[REGRESSION] GM20B pmu timeout
From: Diogo Ivo
Date: Thu Oct 10 2024 - 09:40:44 EST
Hello,
Somewhere between 6.11-rc4 and 6.11-rc5 the following error message is displayed
when trying to initialize a nvc0_screen on the Tegra X1's GM20B:
[ 34.431210] nouveau 57000000.gpu: pmu:hpq: timeout waiting for queue ready
[ 34.438145] nouveau 57000000.gpu: gr: init failed, -110
nvc0_screen_create:1075 - Error allocating PGRAPH context for M2MF: -110
failed to create GPU screen
If we then try a second time we get a more detailed error message:
[ 27.432391] ------------[ cut here ]------------
[ 27.437019] nouveau 57000000.gpu: timeout
[ 27.441083] WARNING: CPU: 2 PID: 307 at drivers/gpu/drm/nouveau/nvkm/engine/gr/gf100.c:840 gf100_gr_fecs_bind_pointer+0x140/0x158 [nouveau]

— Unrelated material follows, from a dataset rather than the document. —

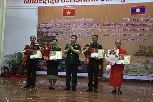 ບັ້ນແຂ່ງຂັນດັ່ງກ່າວ ໄດ້ດຶງດູດເກືອບ 800 ຄົນເຂົ້າຮ່ວມ ດ້ວຍ 1.700 ບົດປະພັນວັນນະຄະດີ, ບົດເພງ, ວິຈິດສິນ, ພາບຖ່າຍ ແລະ ຟີມເອກະສານ. ຄະນະຈັດຕັ້ງໄດ້ມອບ 133 ລາງວັນໃຫ້ບັນດານັກແຕ່ງທີ່ມີບົດປະພັນດີເດັ່ນຂອງສາມປະເທດ. ພົນຈັດຕະວາ ວັນທອງ ກອງມະນີ, ຮອງຫົວຫນ້າກົມໃຫຍ່ການເມືອງກອງທັບ ລາວ ໃຫ້ຮູ້ວ່າ: ພິທີມອບລາງວັນຄັ້ງນີ້ແມ່ນນອນໃນຂອບເຂດປີສາມັກຄີມິດຕະພາບຫວຽດນາມ - ລາວ, ນີ້ແມ່ນການເຄື່ອນໄຫວສະແດງໃຫ້ເຫັນຈິດໃຈ “ກິນເຂົ້າຄິດຮອດຄຸນນາ ກິນປາຄິດຮອດຄຸນນ້ຳ”ຂອງປະຊາຊົນ, ກອງທັບສອງປະເທດ ລາວ ແລະຫວຽດນາມ. ບັນດາບົດເພງ, ບົດກາບກອນ, ພາບແຕ້ມ, ພາບຖ່າຍທີ່ສວຍງາມ ແລະ ມີຊີວິດຊີວາເຫຼົ່ານັ້ນ ລ້ວນແຕ່ສະແດງໃຫ້ເຫັນຄວາມສາມັກຄີມິດຕະພາບທີ່ເປັນມູນເຊື້ອ, ຄວາມຮັກແພງບໍລິສຸດຜຸດຜ່ອງຂອງສອງພັກ, ສອງກອງທັບ, ປະຊາຊົນສອງຊາດພວກເຮົາໃນຕະຫຼອດໄລຍະຕໍ່ສູ້ປະຕິວັດປົດປ່ອຍປະເທດຊາດ ກໍຄືໃນໄລຍະສ້າງສາ ແລະ ປົກປັກຮັກສາປະເທດຊາດໃນປັດຈຸບັນ”.
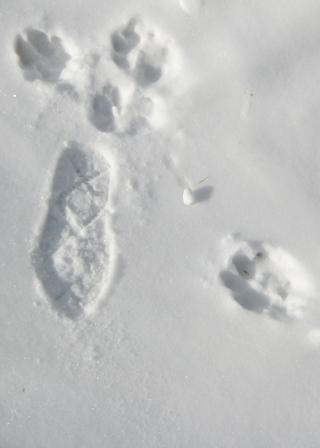 We could see they were tracks, but they were inverted. Instead of making indentations, they rose above the snow like carved rosettes. Very close up they looked like Spritz Cookies, or—if you’re less hungry—like the pawprints of the gray fox. Or maybe just Miss Sadie. I could go either way.

[ 27.453897] Modules linked in: nouveau drm_ttm_helper ttm backlight gpu_sched i2c_algo_bit drm_gpuvm drm_exec efivarfs
[ 27.464592] CPU: 2 UID: 0 PID: 307 Comm: loadjpeg Not tainted 6.11.0-rc4+ #1
[ 27.471628] Hardware name: nvidia NVIDIA P2371-2180/NVIDIA P2371-2180, BIOS 2024.10-rc5-00018-g56b47b8b6a09 10/01/2024
[ 27.482303] pstate: 60000005 (nZCv daif -PAN -UAO -TCO -DIT -SSBS BTYPE=--)
[ 27.489251] pc : gf100_gr_fecs_bind_pointer+0x140/0x158 [nouveau]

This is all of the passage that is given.